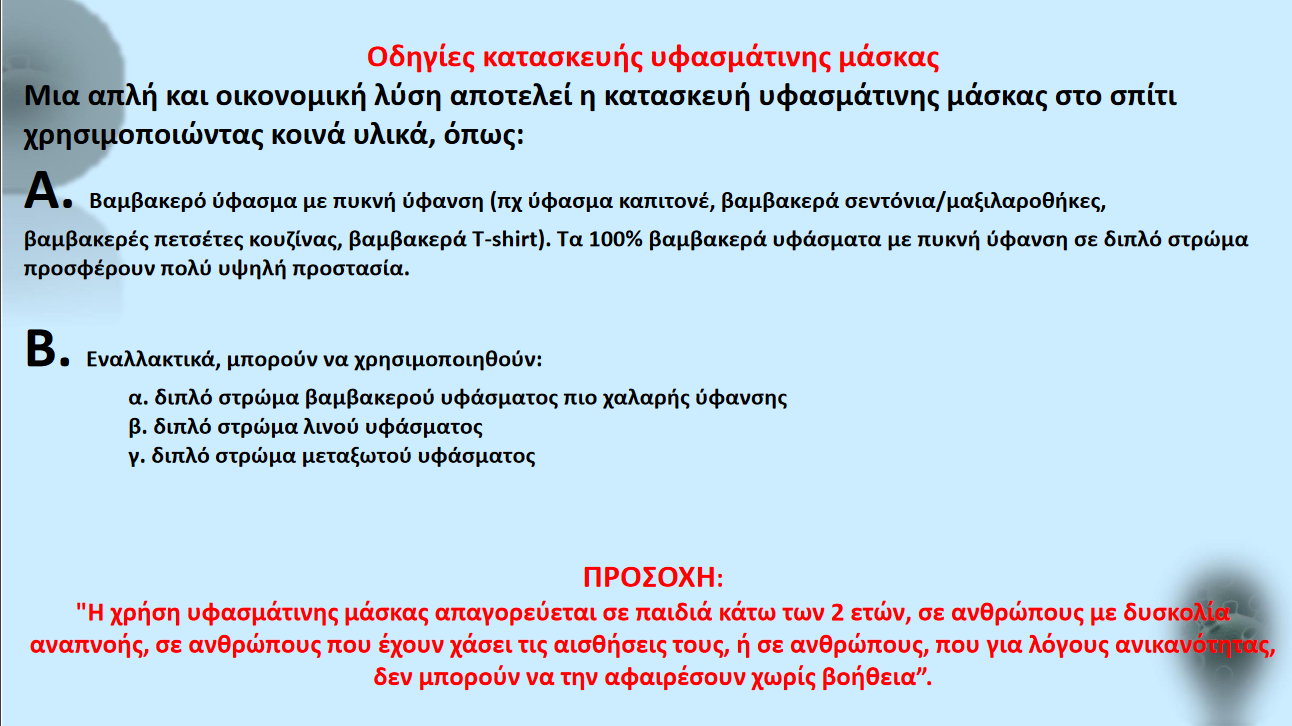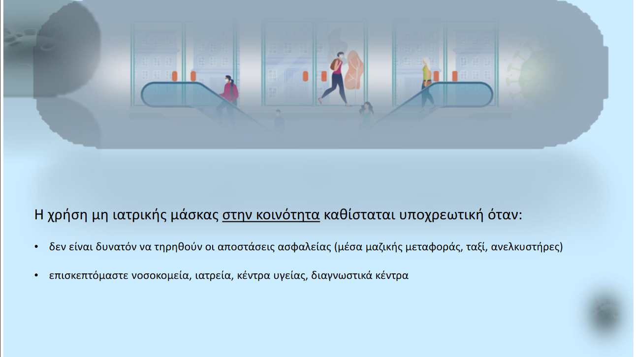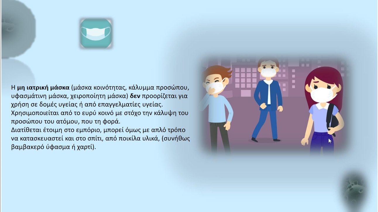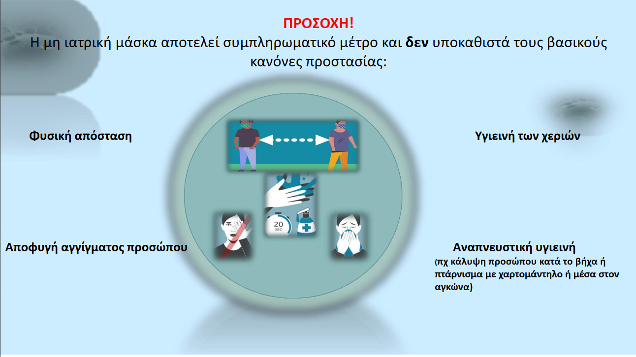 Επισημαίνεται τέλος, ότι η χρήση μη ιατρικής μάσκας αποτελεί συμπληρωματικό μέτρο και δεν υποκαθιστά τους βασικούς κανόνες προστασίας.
⁂
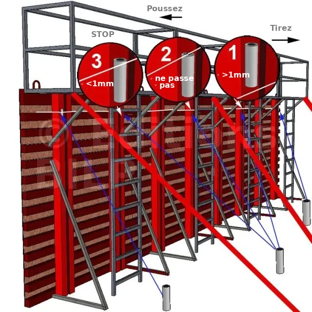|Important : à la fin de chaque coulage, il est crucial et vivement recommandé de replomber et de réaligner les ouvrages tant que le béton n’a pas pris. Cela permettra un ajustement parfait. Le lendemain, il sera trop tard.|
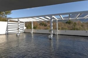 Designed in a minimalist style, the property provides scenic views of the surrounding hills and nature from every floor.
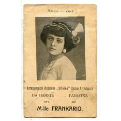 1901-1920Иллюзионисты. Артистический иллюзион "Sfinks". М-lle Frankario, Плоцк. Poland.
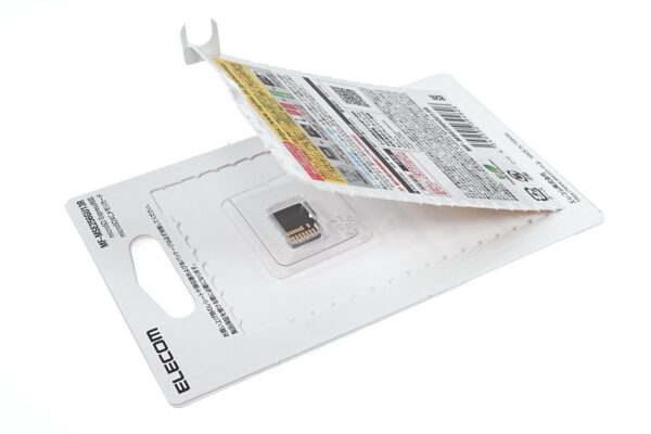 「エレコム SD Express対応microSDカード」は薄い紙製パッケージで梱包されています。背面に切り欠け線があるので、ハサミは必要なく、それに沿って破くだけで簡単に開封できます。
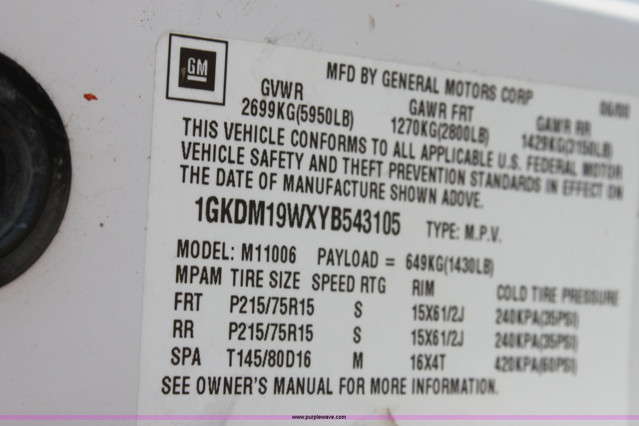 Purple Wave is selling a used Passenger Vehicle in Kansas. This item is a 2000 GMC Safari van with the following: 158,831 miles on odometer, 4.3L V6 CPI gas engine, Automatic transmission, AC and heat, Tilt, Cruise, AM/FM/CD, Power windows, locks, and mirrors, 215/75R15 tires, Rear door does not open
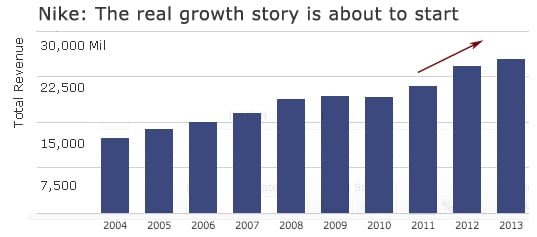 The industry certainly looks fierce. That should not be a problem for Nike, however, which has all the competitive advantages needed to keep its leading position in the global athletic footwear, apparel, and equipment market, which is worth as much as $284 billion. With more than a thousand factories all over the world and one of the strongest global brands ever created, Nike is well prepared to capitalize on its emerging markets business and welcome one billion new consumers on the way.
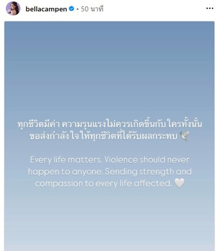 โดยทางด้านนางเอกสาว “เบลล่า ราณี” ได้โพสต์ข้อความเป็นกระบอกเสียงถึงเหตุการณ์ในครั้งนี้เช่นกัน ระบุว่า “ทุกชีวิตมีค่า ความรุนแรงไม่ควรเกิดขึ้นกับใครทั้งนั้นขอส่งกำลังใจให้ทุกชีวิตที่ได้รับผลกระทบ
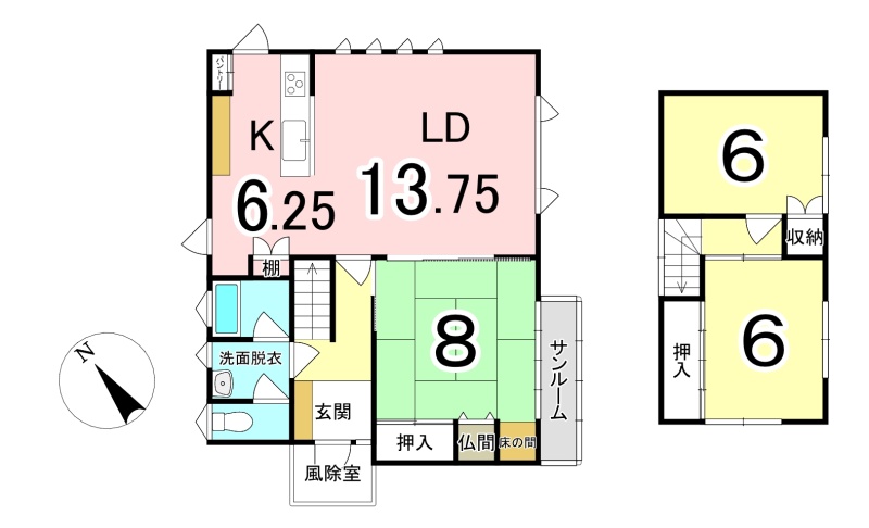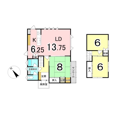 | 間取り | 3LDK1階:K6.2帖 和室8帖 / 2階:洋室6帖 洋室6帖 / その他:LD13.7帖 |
⁂
**TASK:**
A clean copy is needed of the lines in the listing above from the one with "1901-1920Иллюзионисты. Артистический иллюзион" through the one with "洋室6帖 / その他:LD13.7帖 |", exact in every word and free of pictures.

**REPLY:**
 1901-1920Иллюзионисты. Артистический иллюзион "Sfinks". М-lle Frankario, Плоцк. Poland.
 「エレコム SD Express対応microSDカード」は薄い紙製パッケージで梱包されています。背面に切り欠け線があるので、ハサミは必要なく、それに沿って破くだけで簡単に開封できます。
 Purple Wave is selling a used Passenger Vehicle in Kansas. This item is a 2000 GMC Safari van with the following: 158,831 miles on odometer, 4.3L V6 CPI gas engine, Automatic transmission, AC and heat, Tilt, Cruise, AM/FM/CD, Power windows, locks, and mirrors, 215/75R15 tires, Rear door does not open
 The industry certainly looks fierce. That should not be a problem for Nike, however, which has all the competitive advantages needed to keep its leading position in the global athletic footwear, apparel, and equipment market, which is worth as much as $284 billion. With more than a thousand factories all over the world and one of the strongest global brands ever created, Nike is well prepared to capitalize on its emerging markets business and welcome one billion new consumers on the way.
 โดยทางด้านนางเอกสาว “เบลล่า ราณี” ได้โพสต์ข้อความเป็นกระบอกเสียงถึงเหตุการณ์ในครั้งนี้เช่นกัน ระบุว่า “ทุกชีวิตมีค่า ความรุนแรงไม่ควรเกิดขึ้นกับใครทั้งนั้นขอส่งกำลังใจให้ทุกชีวิตที่ได้รับผลกระทบ
 | 間取り | 3LDK1階:K6.2帖 和室8帖 / 2階:洋室6帖 洋室6帖 / その他:LD13.7帖 |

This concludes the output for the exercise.